By Beatrice Heuser, Professor of International Relations, University of Glasgow

IF Brexit happens, it is none too soon to reflect on Britain’s future role in European and world security. Britain will still be an offshore island of Europe. Yet technology has changed what that means in terms of security. Already in late 1906, the press magnate Lord Northcliffe was proclaiming that “England is no longer an island”. The “aerial chariots of a foe” could now descend “on British soil if war comes”.

At the same time, the role Britain played in European security changed fundamentally from the First World War onwards. For centuries, England – and later Britain – sought to counter-balance through endless wars who it was that dominated, or looked likely to dominate, the European continent. Then, briefly in the late 19th century, when Britain had acquired its colonial empire, Britain turned its back on European security and European wars by withdrawing into “splendid isolation” while its colonial wars continued. By contrast, Britain’s interest in who dominated the opposite coast remained strong, especially in Belgium, the neutrality of which was guaranteed by London. When Belgian neutrality was crushed under the jackboots of an invading German army in 1914, a new era began. Britain became a world policeman, alongside France. Both were members of the League of Nations’ Council in the inter-war period, and as such, both declared war on expansionist Nazi Germany in 1939. This was both balance-of-power politics and policing. After the Second World War, Britain remained true to this new role of world policeman: it became a permanent member of the new United Nations’ Security Council. When the latter was paralysed by the ideological disagreements between the USSR and the three Western liberal members, Britain took the lead in building a new security architecture. In Europe, this took the form, initially, of the Western (European) Union of 1948 (WEU), the forerunner of Nato, founded in 1949 in response to a joint British-French initiative.

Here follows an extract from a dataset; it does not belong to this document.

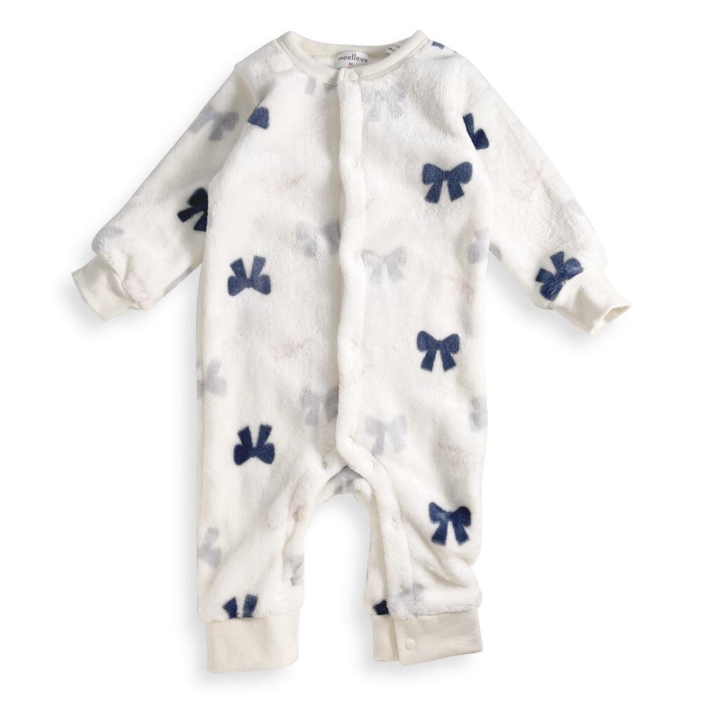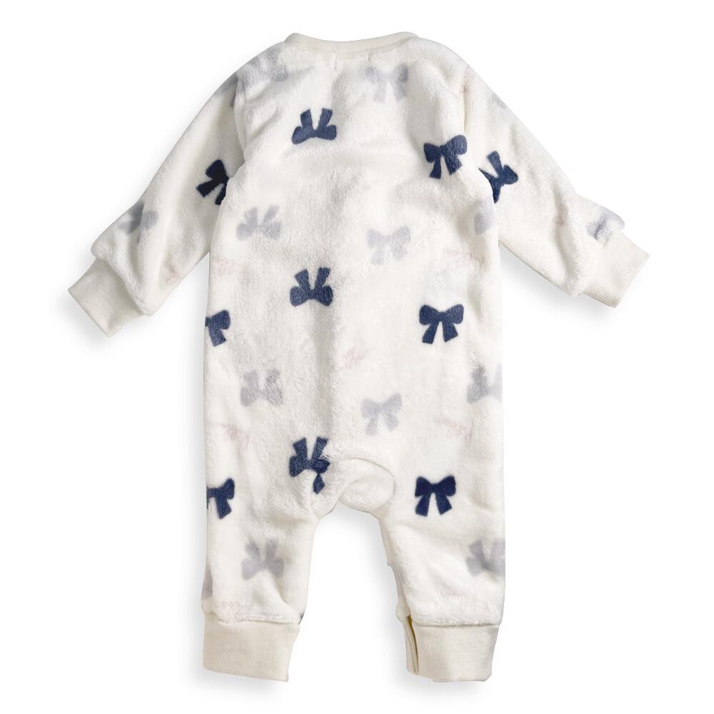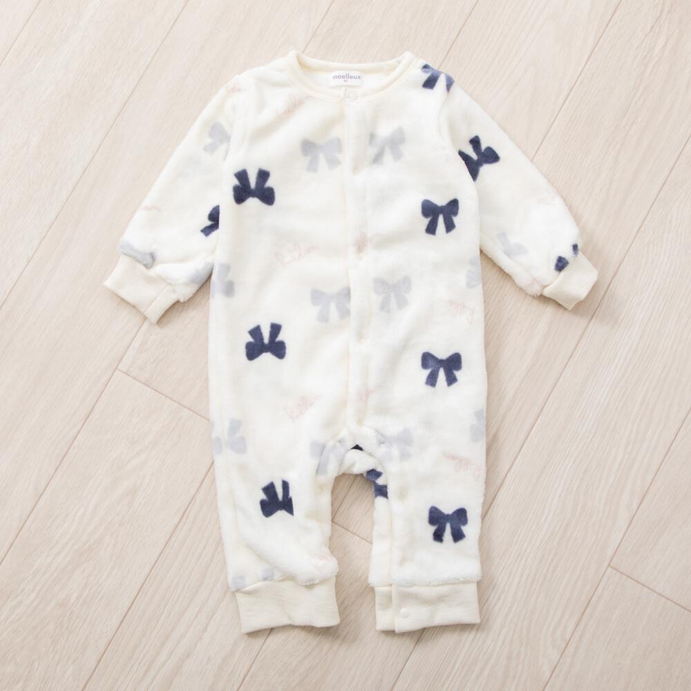 長袖カバーオール フリース リボン柄 グレー×70cm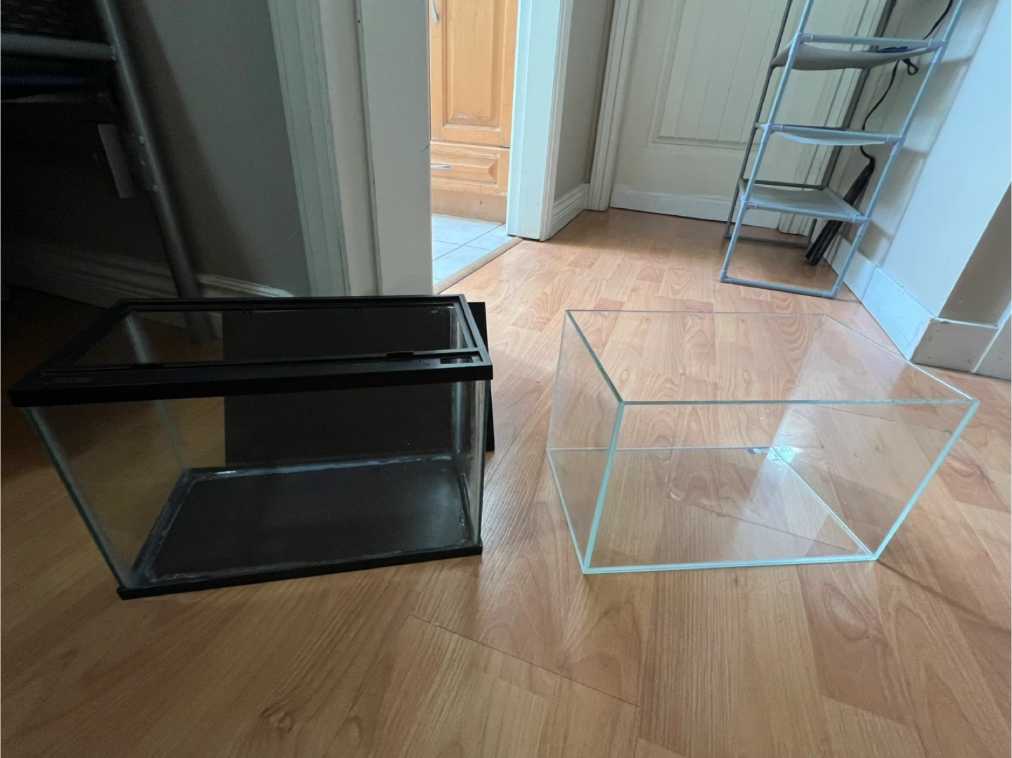 This bundle includes a Fluval filter and two glass aquarium tanks, one with a black frame and another frameless. The filter is designed for 5-10 gallon tanks. It's great for setting up a new aquarium or expanding an existing one!

Britain was at the intersection of several circles: the UN Security Council; the Commonwealth; the “special relationship” with the US, based on joint nuclear procurement and targeting and intelligence; and the WEU, which was in 2011 itself subsumed into the EU’s Lisbon Treaty; and Nato. As the only member of all of these, Britain had great influence. It could act as transatlantic bridge between EU and America, and garner support for EU and Nato positions among Commonwealth countries. Even when, with decolonisation, Britain went from world power to second-tier power, it could thus remain, one of the world’s leading security providers.

What role should Britain play in European and world security post-Brexit?

Back to balance-of-power wars would be absurd. Britain can no longer be a bridge over the Atlantic without EU membership. Nato may be on the wane: President Trump has said repeatedly, both in public and in private, that he wants to pull America out of it. In the UN’s Security Council, Britain will have the least legitimacy of the Permanent Five members: hitherto, France and Britain could argue that it was better for Europe to have their two seats than for the EU to have only one. In future, what claim does Britain have when states with many times more inhabitants than the United Kingdom, one, India, a nuclear power, are not among the Permanent Five? To be “world policeman when it won’t help keep order in his own region? Let us hope Britain’s neighbours can assure their own security without Britain’s lead. It worked so well in the past, or did it?